RECORDS SHOWN START

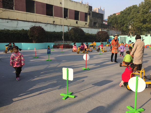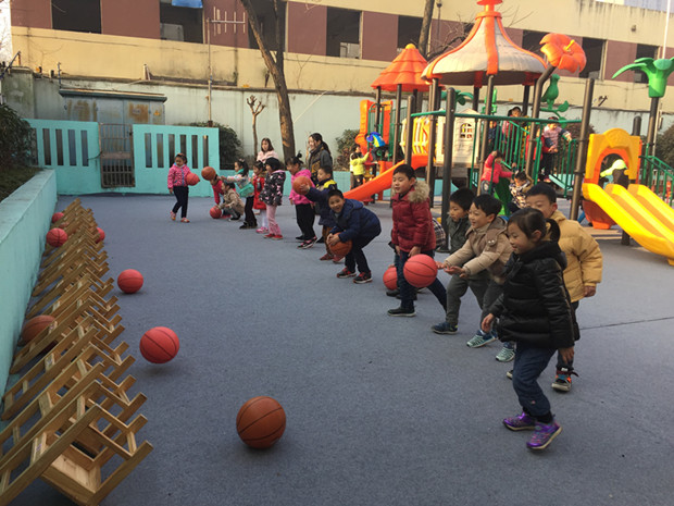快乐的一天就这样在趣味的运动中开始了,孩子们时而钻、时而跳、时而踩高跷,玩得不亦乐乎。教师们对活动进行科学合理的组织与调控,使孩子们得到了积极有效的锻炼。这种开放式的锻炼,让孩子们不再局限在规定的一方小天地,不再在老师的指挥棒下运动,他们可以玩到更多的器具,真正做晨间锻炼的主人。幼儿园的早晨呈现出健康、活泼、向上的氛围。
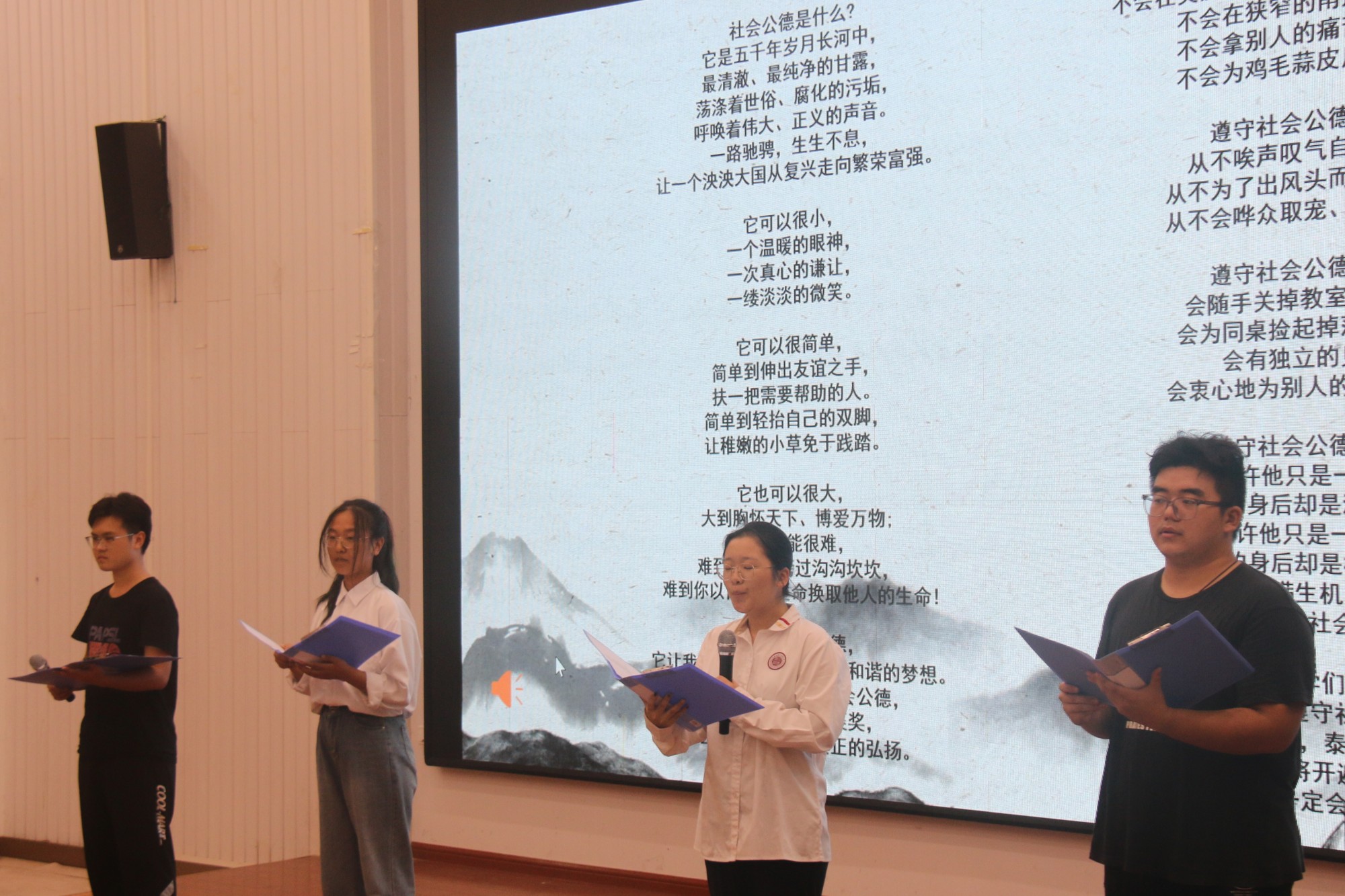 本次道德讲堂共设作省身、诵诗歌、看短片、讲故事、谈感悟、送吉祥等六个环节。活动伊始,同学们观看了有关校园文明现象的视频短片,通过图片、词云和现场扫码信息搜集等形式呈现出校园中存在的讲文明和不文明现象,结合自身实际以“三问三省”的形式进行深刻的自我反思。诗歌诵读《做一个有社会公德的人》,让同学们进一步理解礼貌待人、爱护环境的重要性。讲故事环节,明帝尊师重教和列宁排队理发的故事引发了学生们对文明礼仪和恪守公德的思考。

RECORDS SHOWN END
RECORDS SHOWN START

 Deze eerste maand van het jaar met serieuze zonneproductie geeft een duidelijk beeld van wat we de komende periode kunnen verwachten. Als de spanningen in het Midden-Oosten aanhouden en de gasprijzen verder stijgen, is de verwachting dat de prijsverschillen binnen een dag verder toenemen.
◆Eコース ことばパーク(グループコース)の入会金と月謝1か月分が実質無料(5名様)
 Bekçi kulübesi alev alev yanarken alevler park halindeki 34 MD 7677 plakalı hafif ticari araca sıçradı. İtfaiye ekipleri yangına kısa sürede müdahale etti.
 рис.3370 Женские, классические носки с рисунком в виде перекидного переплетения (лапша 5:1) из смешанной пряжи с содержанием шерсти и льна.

RECORDS SHOWN END

WORK ITEM — Copy the lines of the data above exactly as written, beginning with the line containing "Deze eerste maand" and ending with the line containing "Bekçi kulübesi alev", and leave out all other lines.

TASK RESPONSE —
 Deze eerste maand van het jaar met serieuze zonneproductie geeft een duidelijk beeld van wat we de komende periode kunnen verwachten. Als de spanningen in het Midden-Oosten aanhouden en de gasprijzen verder stijgen, is de verwachting dat de prijsverschillen binnen een dag verder toenemen.
◆Eコース ことばパーク(グループコース)の入会金と月謝1か月分が実質無料(5名様)
 Bekçi kulübesi alev alev yanarken alevler park halindeki 34 MD 7677 plakalı hafif ticari araca sıçradı. İtfaiye ekipleri yangına kısa sürede müdahale etti.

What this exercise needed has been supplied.